### DATA BELOW
----------

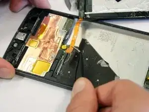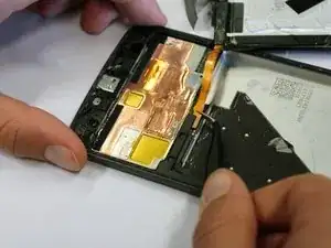 Язычок может легко порваться. Если это произошло, используйте лопатку, чтобы отделить угол батареи от телефона.
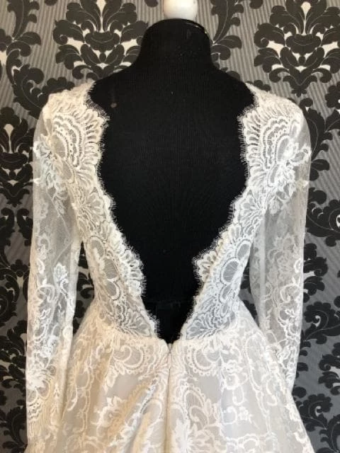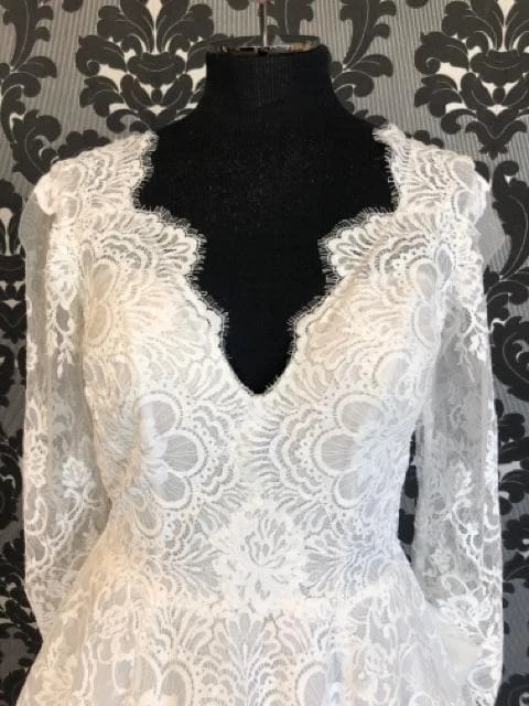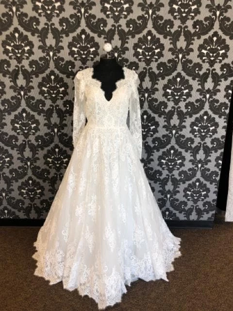 Chandler Size 14 Ivory V-Neck Long Sleeve Lace Ballgown with Pockets
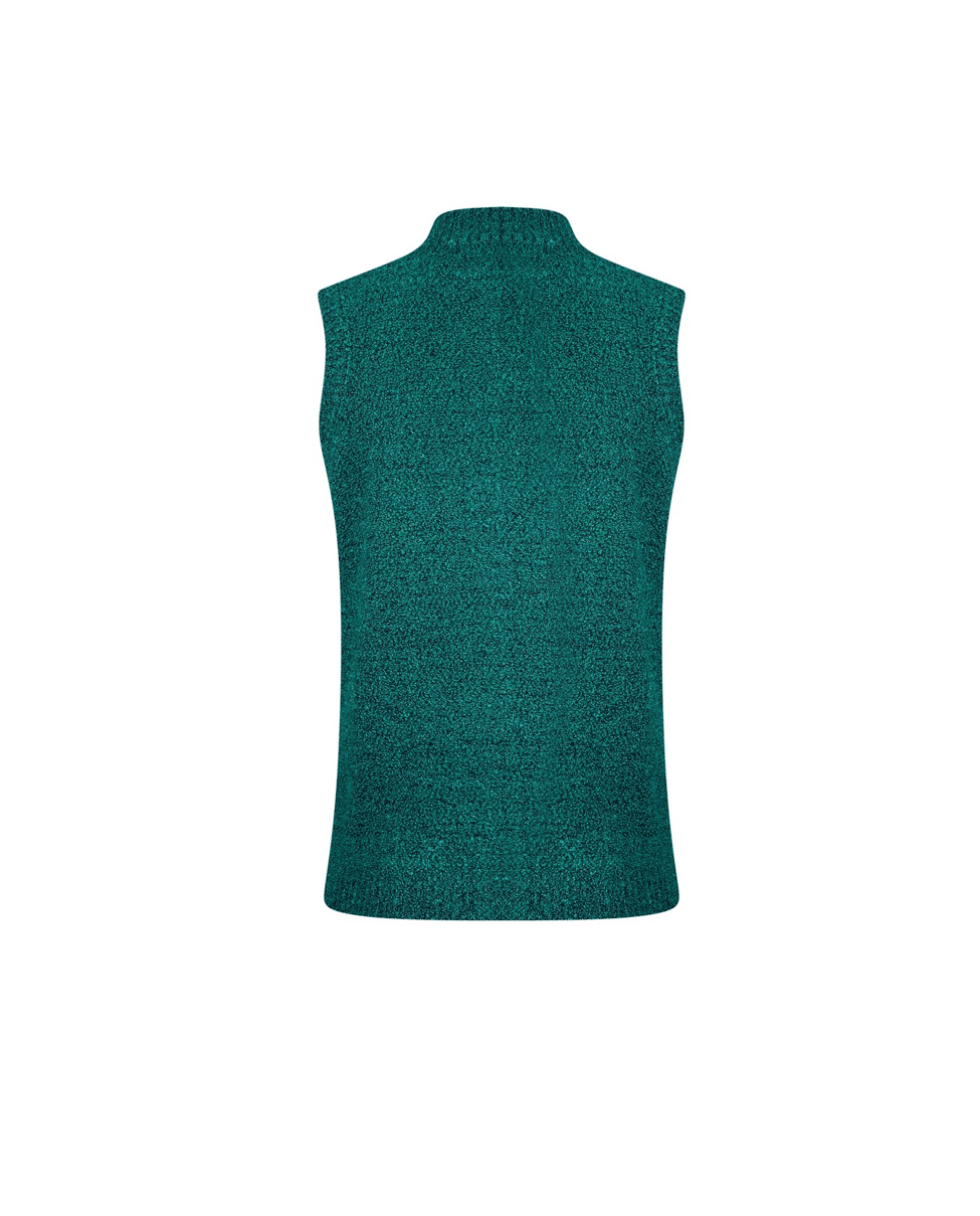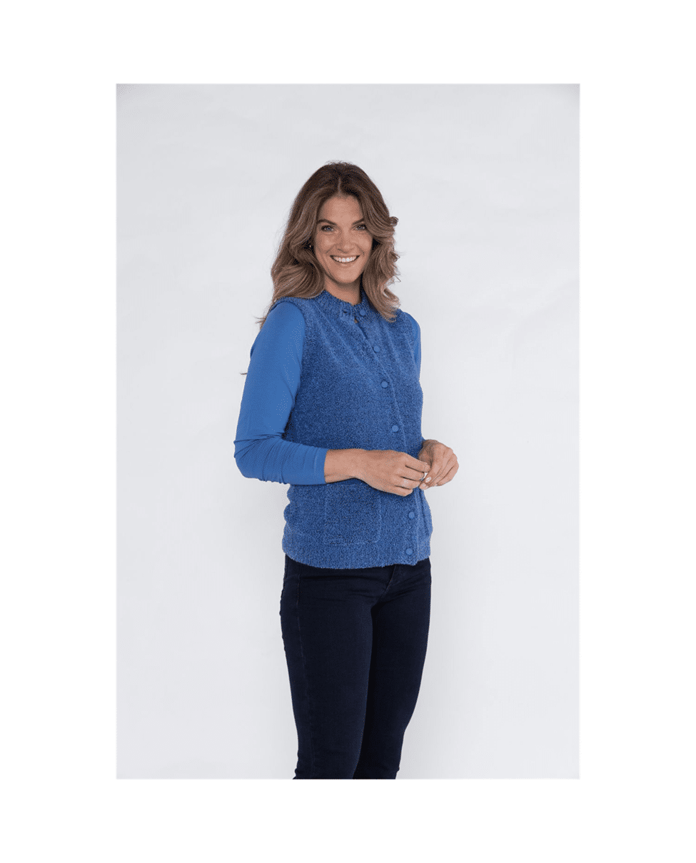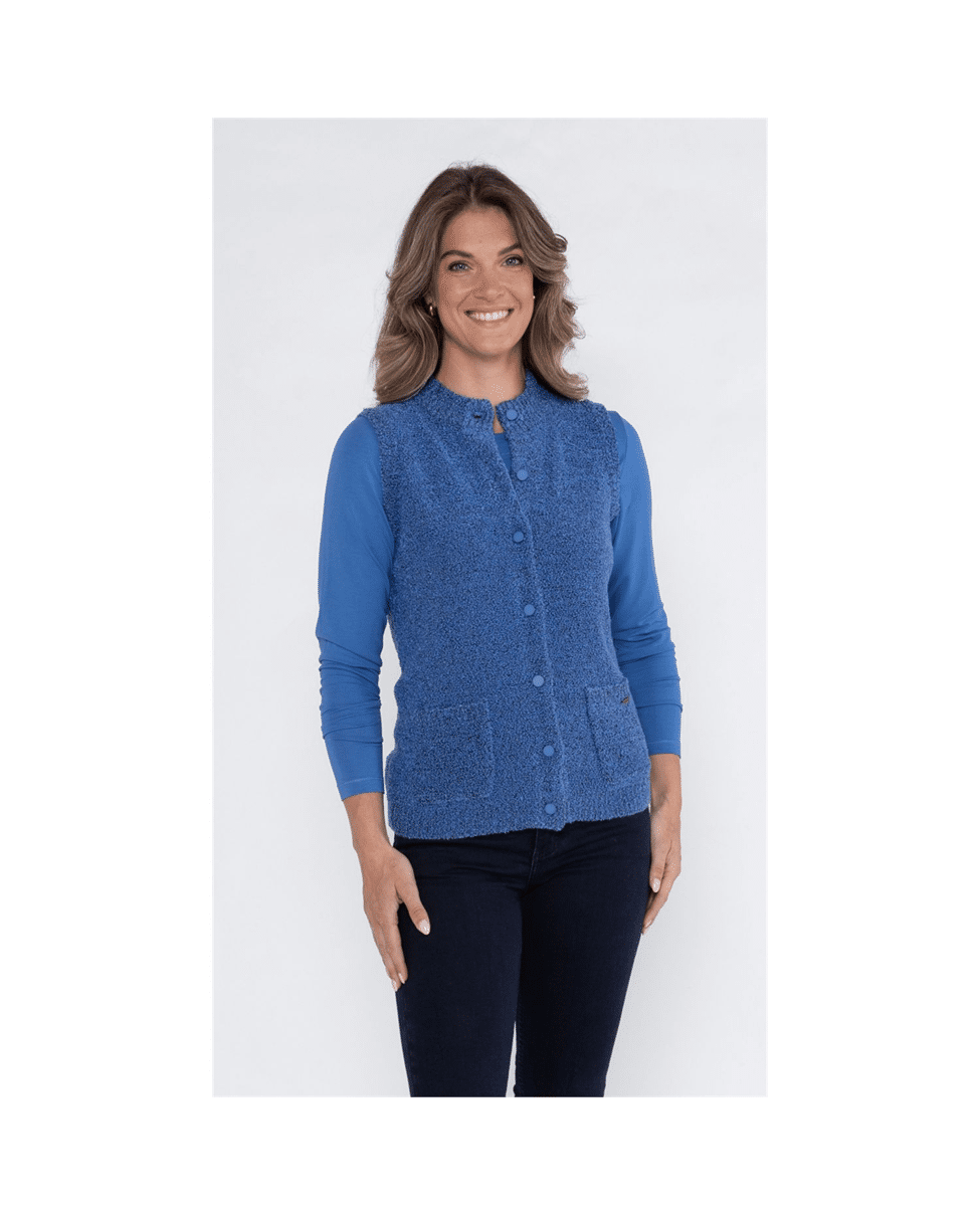Een modern mouwloos vest in Dutch blue, gebreid van zacht bouclé garen. Dit eigentijdse gilet is veelzijdig te dragen en voegt direct textuur en stijl toe aan je outfit.

----------

### TASK
A faithful transcription of the material, with no pictures, is the expected result.

### REPLY TO THE TASK
 Язычок может легко порваться. Если это произошло, используйте лопатку, чтобы отделить угол батареи от телефона.
 Chandler Size 14 Ivory V-Neck Long Sleeve Lace Ballgown with Pockets
Een modern mouwloos vest in Dutch blue, gebreid van zacht bouclé garen. Dit eigentijdse gilet is veelzijdig te dragen en voegt direct textuur en stijl toe aan je outfit.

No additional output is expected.